Assignment #10 - Eugene Chang

A problem that can be solved by a large group is identifying a song. Take for example that I don’t know a song that I heard on the radio yesterday. I don’t remember the words, can’t find the title or artist of the song from anywhere, and only know sort of how to hum the chorus. There’s a few ways that one could still go about trying to figure out the song, but staying on topic for this post, a good way of trying to figure it out is to try to hum it to someone and see if they know it. The more people you can poll with this hummed version of the song, the better possibility that someone actually knows the song.

This is a pretty arduous task in trying to find people to actually listen to you hum a song over and over to see if they recognize it (for both me and my friends!). There’s also no guarantee that I’m actually great at humming and could be completely off from the song itself. Essentially, if I’m bad enough at humming the song, there’s no computer algorithm that could even come close to identifying what I’m trying to sing and match it to a song. (On an important detail of recorded sound, even the “sound of silence” can ruin a recording and make the wave form completely indistinguishable from other wave forms similar to it, even though to our ears, it doesn’t sound like music or even any sound at all).

Technology though can still come through for us in this way.
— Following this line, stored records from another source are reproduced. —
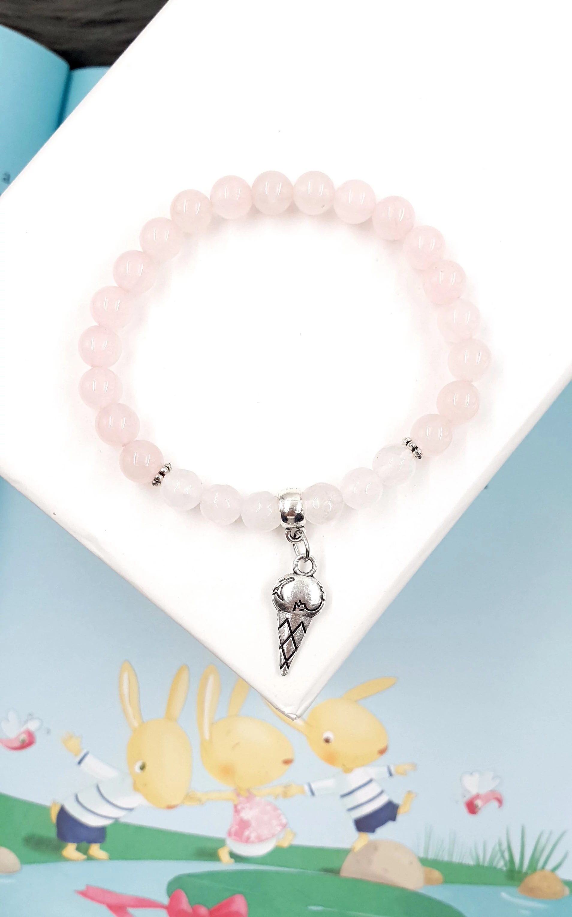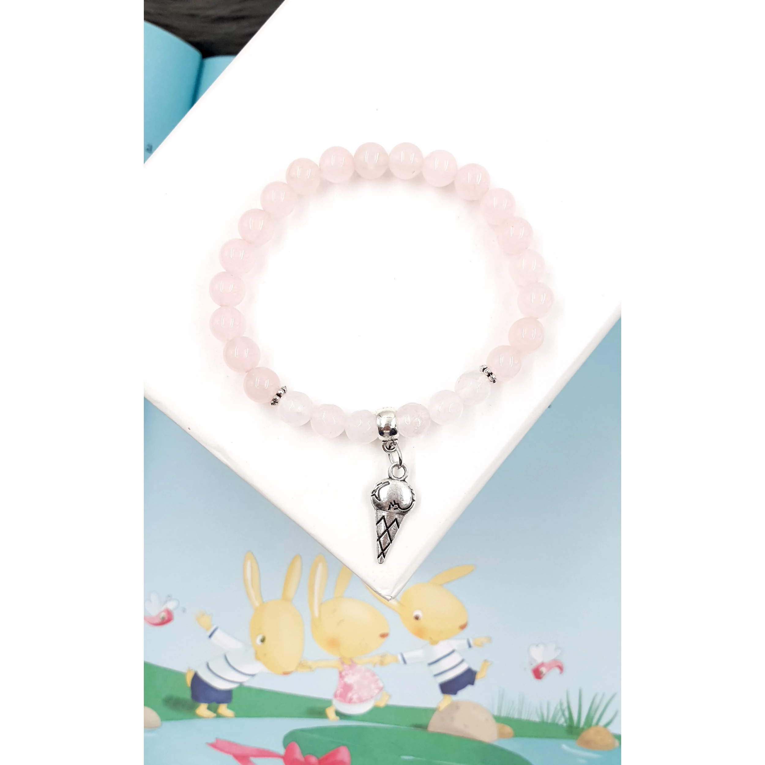 Fagyi medálos rózsakvarc karkötő. Nagyon kifinomult, apró, 6mm gyöngyöket tartalmazó lányka ásványkarkötő.
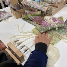 In the first class, we will teach you to warp your loom and teach you different weaving patterns incorporating yarns from your stash. In the second class, we'll show you how to take your project off the loom and how to finish it. We'll also help you put a second warp on the loom so you leave with another piece ready to weave. If we have time, we’ll talk about some more things you can do and show you some great books to get your inspiration flowing.
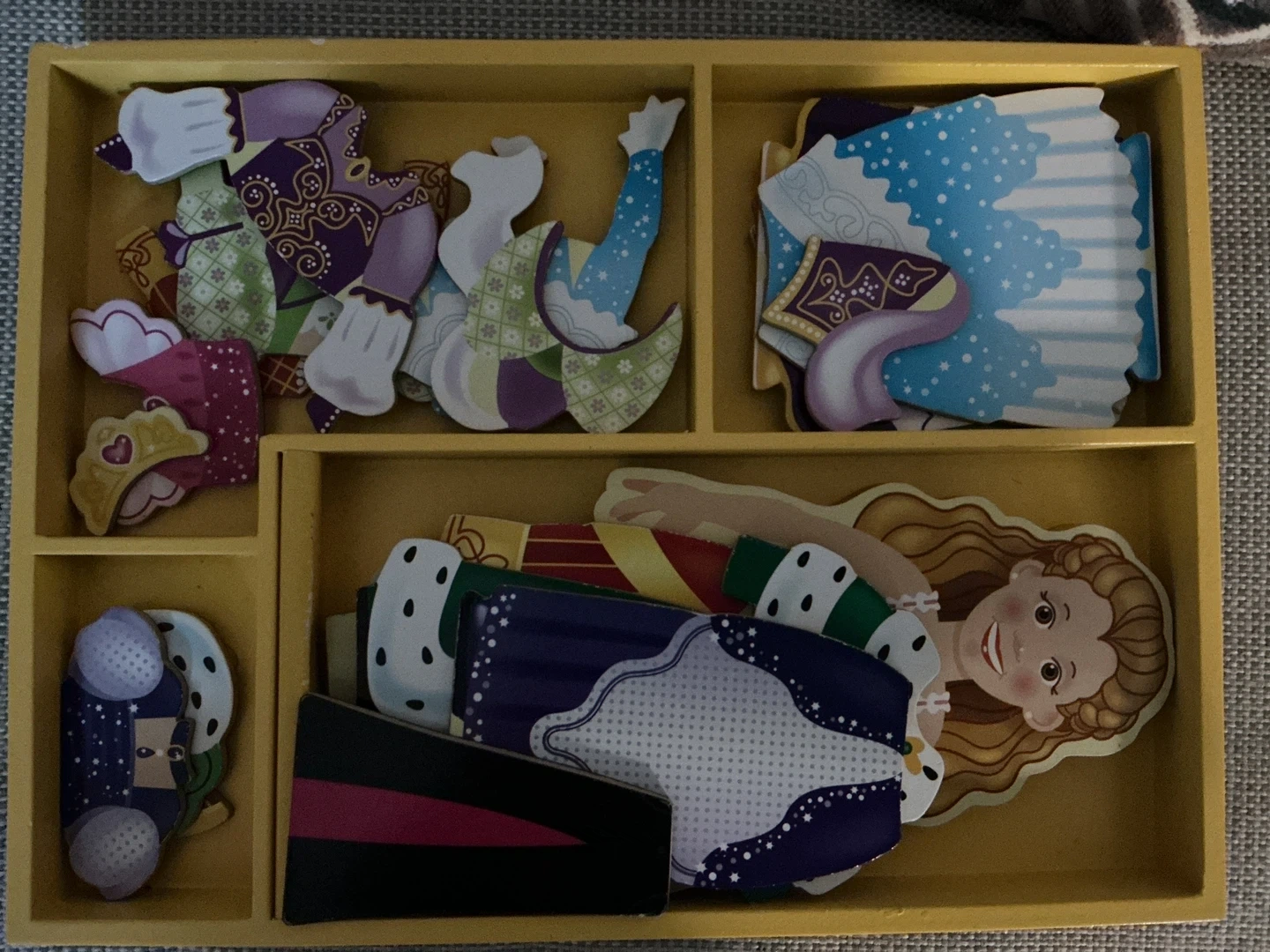 A fun wooden magnetic dress-up set by Melissa & Doug! It comes with lots of different outfits and accessories to mix and match. Great for creative play and developing fine motor skills
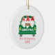 Photo personalized Christmas ornament with three adorable gnomes in a green truck. Personalized the front of this ornament with families last name and year and add a photo to the back.
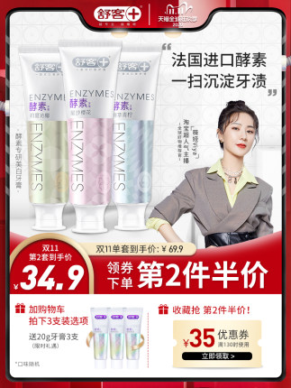 【前1小时购买3支装SKU,加送6支旅行牙膏!前10名付款额外送价值1142的SK2一瓶!1时后加送3支旅行牙膏】舒客专研美白酵素牙膏,三重净白科技,健齿护龈,修复口腔受损组织,冷热酸甜想吃就吃【赠运费
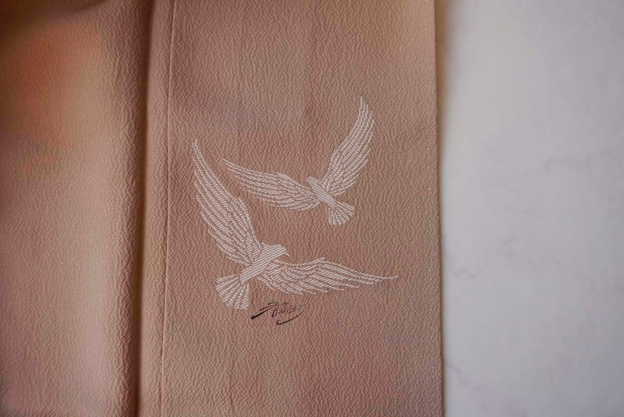 ・下前のおくみに斉藤三才の銘、鳥の刺繍が入っています。
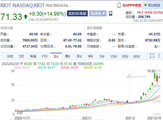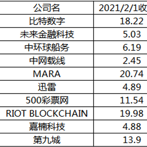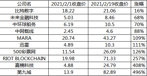 RIOT BLOCKCHAIN ,价廉物美 精打细算的北美“矿王”,2月份涨幅近3倍。Riot Blockchain Inc.是一家总部位于美国科罗拉多州的比特币挖矿公司,专注于比特币挖掘,通过参与比特币的共识系统,通过工作量证明挖掘区块获得比特币奖励,从而维护比特币网络的正常运行。其目标是成为北美最大、成本最低的比特币生产商之一,其前身是一家小型制药公司,近年来也是借比特币的“东风”实现了业务转型。
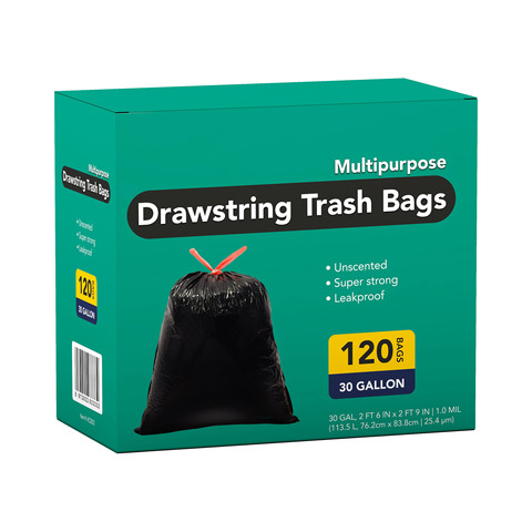 Dây Kéo Túi rác 30 gallon không mùi 120 đếm trước khi tách ra, vật liệu thân thiện với môi trường, Nhiệm Vụ nặng nề, leakproof, mạnh mẽ, màu đen
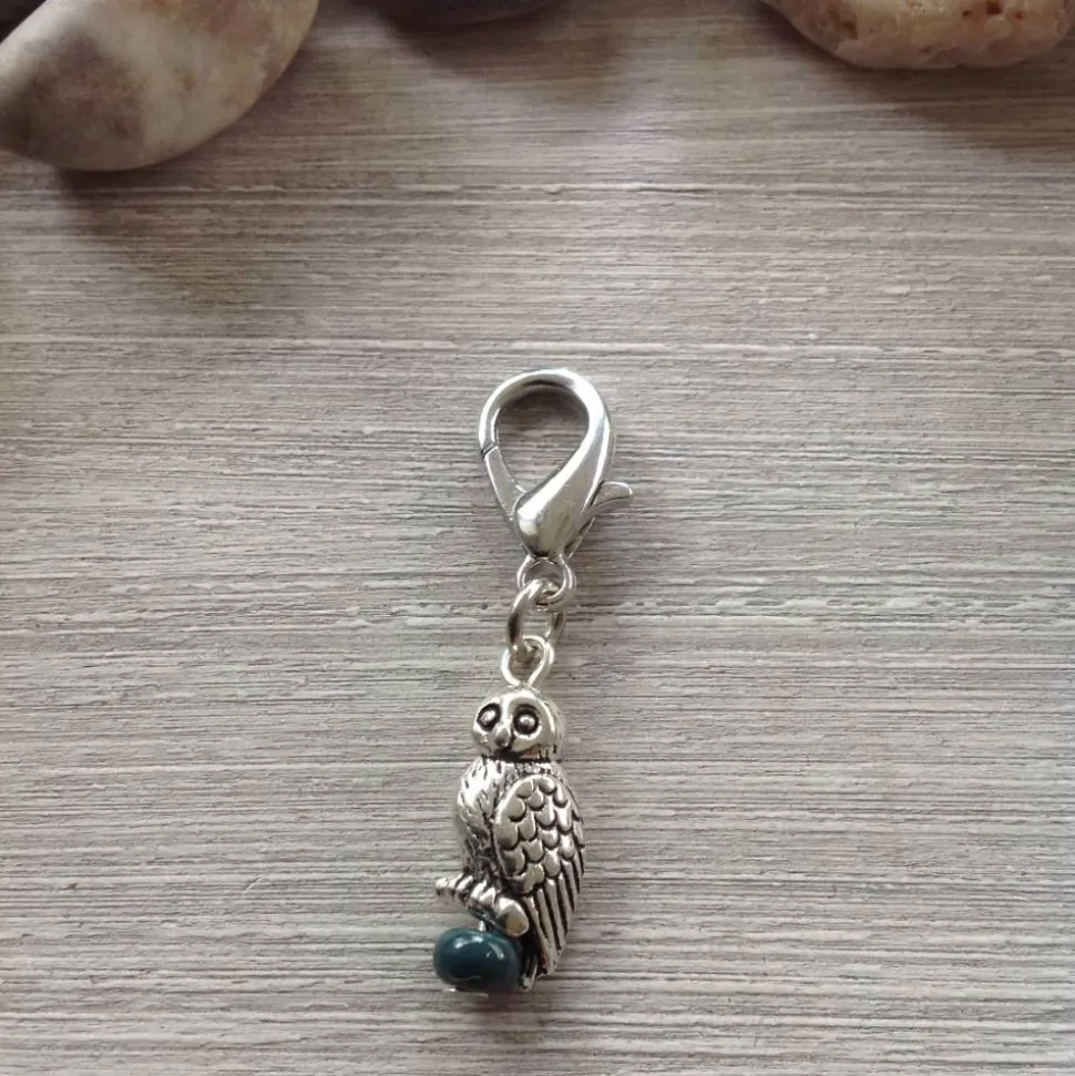 Die kleine, ca 1,3 cm hohe Eule aus Metall ’sitzt‘ auf einer kleinen Glasperle ( Rocaille / Durchmesser 4,5 mm ). Sie ist mit einer Metallöse an dem 1,6 cm hohen Karabiner befestigt. Mit Hilfe des Karabiners lässt sie sich bequem an Taschen, Mäppchen, Ketten etc befestigen. Die Gesamtlänge des Anhänger beträgt ca 3,7 cm
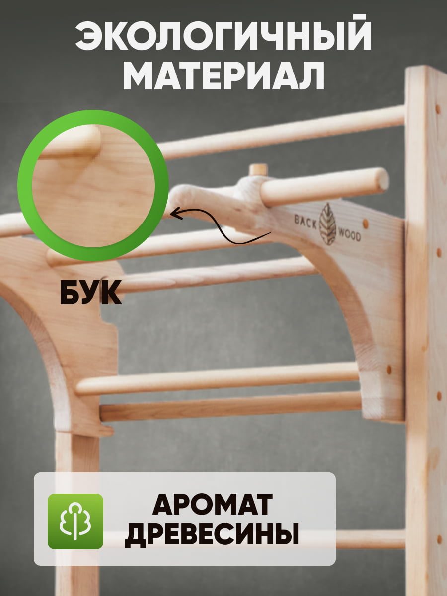 - Шведские лестницы из твердой породы дерева – натурального бука. Конструкция монолитная и долговечная.
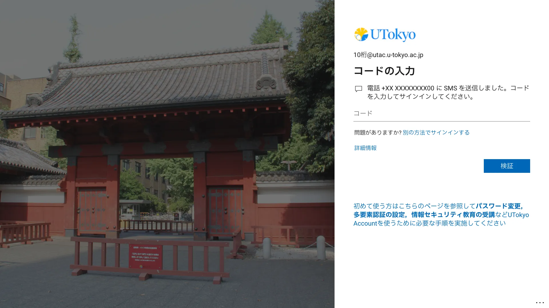 UTokyo Accountでサインイン時(パスワード入力後)に,デフォルトの本人確認方法で多要素認証の本人確認を行う画面が表示されますが,その画面で以下のように操作してください.
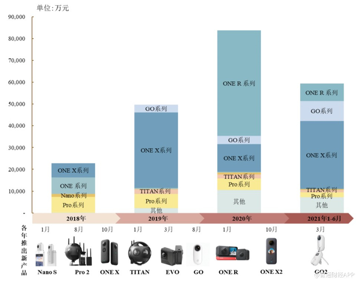 而ONE R系列产品结合模块化技术,可便捷更换镜头,与此同时还具备5米裸机防水功能,可实现智能跟拍、“子弹时间”、“隐形自拍杆”等特效。该系列产品于2020年1月推出,2020年和2021年上半年的销售收入占公司总收入的比例为57.91%、13.48%。
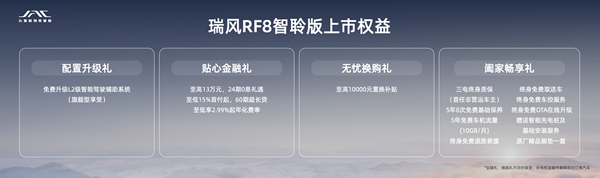 發(fā)布現(xiàn)場瑞風RF8智聆版以16.99-23.99萬元的售價區(qū)間,同步開啟配置升級禮、貼心金融禮、無憂換購禮、闔家暢享禮等多重政策,預訂用戶同時疊加全部的預售與上市權益。此外,從即日起到3月31日,所有大定用戶在享受預售價的基礎上現(xiàn)金直減8888元。除了正式上市的智聆版,瑞風RF8鴻蒙版同步啟動預售,預售價格為20.99~25.99萬元,即刻預訂享受訂車無憂禮、用車無憂禮兩大權益,并將于4月開啟交付。
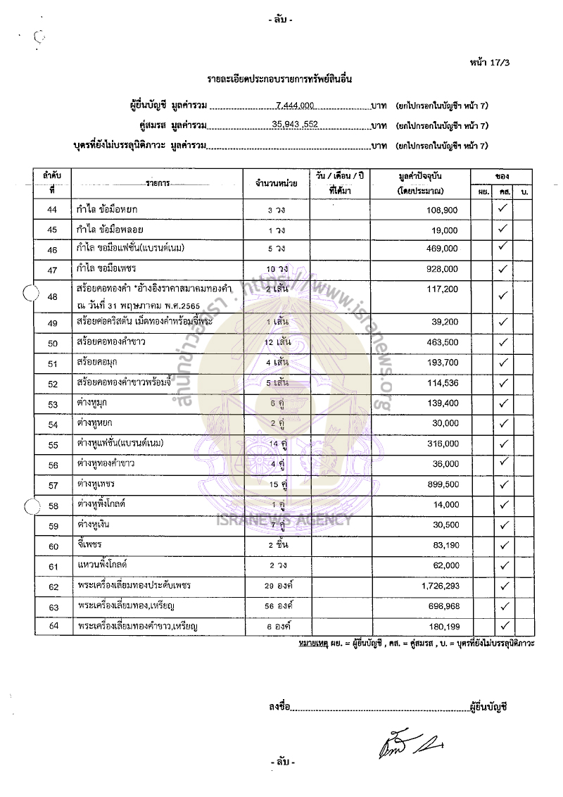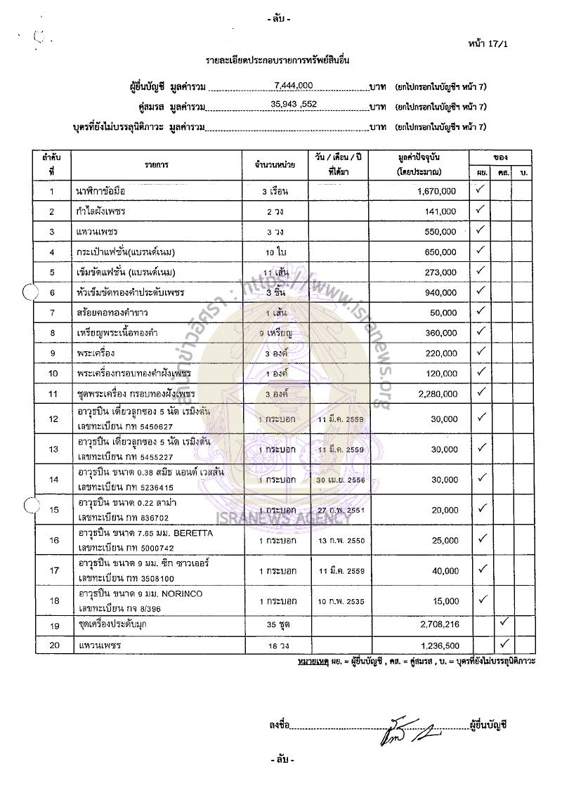 ทรัพย์สินที่น่าสนใจ นายชัยทิพย์ แจ้งมีนาฬิกา 3 เรือน กระเป๋าแบรนด์เนม 10 ใบ เข็มขัดแบรนด์เนม 11 เส้น หัวเข็มขัดทองคำประดับเพชร 3 ชิ้น ปืน 7 กระบอก พระเครื่อง และเครื่องประดับหลายรายการ
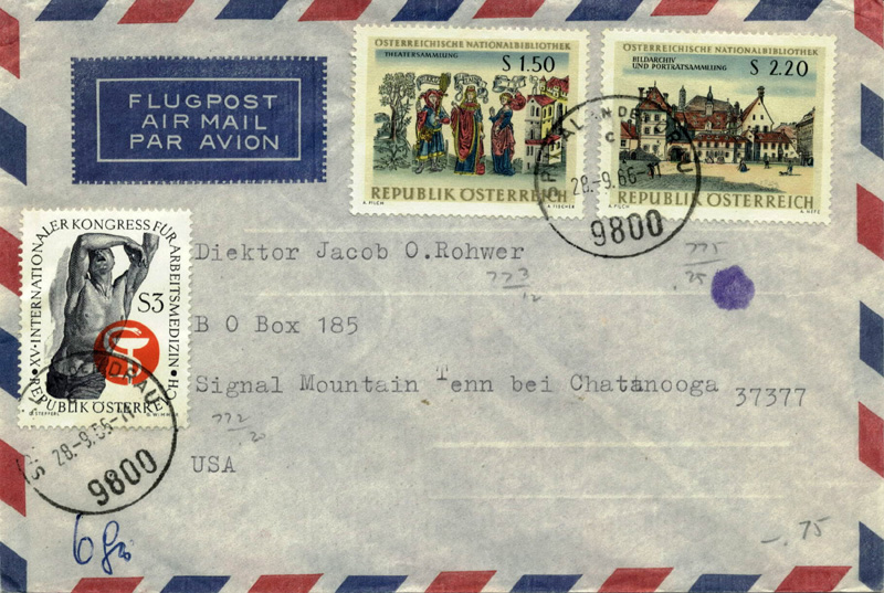 1966-9-28 / 600 / 670 / 10 gram / '6g'K249 applies: 150 per 5g. 6 grams counts as 10 & needs 300 + 2 x 150 = 600. This is a FDC of two of the stamps so it's philatelic overfranking.

Imagine a system that records your hum of the song and shares it for people to try to identify. This creates a community for people to try to ID what song it actually is. It’s also not too far off to think that I probably don’t have the best recording equipment available if I can’t sing too well. Say I have a web cam to record it. If we collect other people trying to hum songs as well, it’s a good chance they’ll be recording through the same equipment (or better). Thus, it’s probably much easier for an algorithm to try to match these sounds together. Additionally, the identification of some songs would allow other hums that are closer to be more closely matched with another. It’s all just becomes one big machine learning problem!

2 comments:

  1. I think this is a great example of a task that could be crowdsourced and be very accurate. Even more than just identifying a song would be categorizing music based on related genres, lyrical content, and moods. Currently there are some computer systems that recognize tones like the Shazam program for some mobile phones which is actually surprisingly accurate. However there is no way for a machine to understand the metaphors and meanings of songs--at least not yet. Imagine if you were making a playlist and you were able to type in "I want hip-hop with jazz influence and talk about politics". This request could be broken down into components and crowdsourced so that your friends or other users could recommend songs.

    ReplyDelete
  2. Who's ID'ing the songs? I like the idea of matching different peoples hums to try and create an accurate humming of the song, and at that point you could possibly use the computer to match to a song. However, I don't think you would be able to get people to sit on their computer and listen to people humming, while trying to figure out what song it is. You would have to offer some incentive system to get people to do it, ie you can only submit a hum if you attempt to answer another hum. Interesting idea though.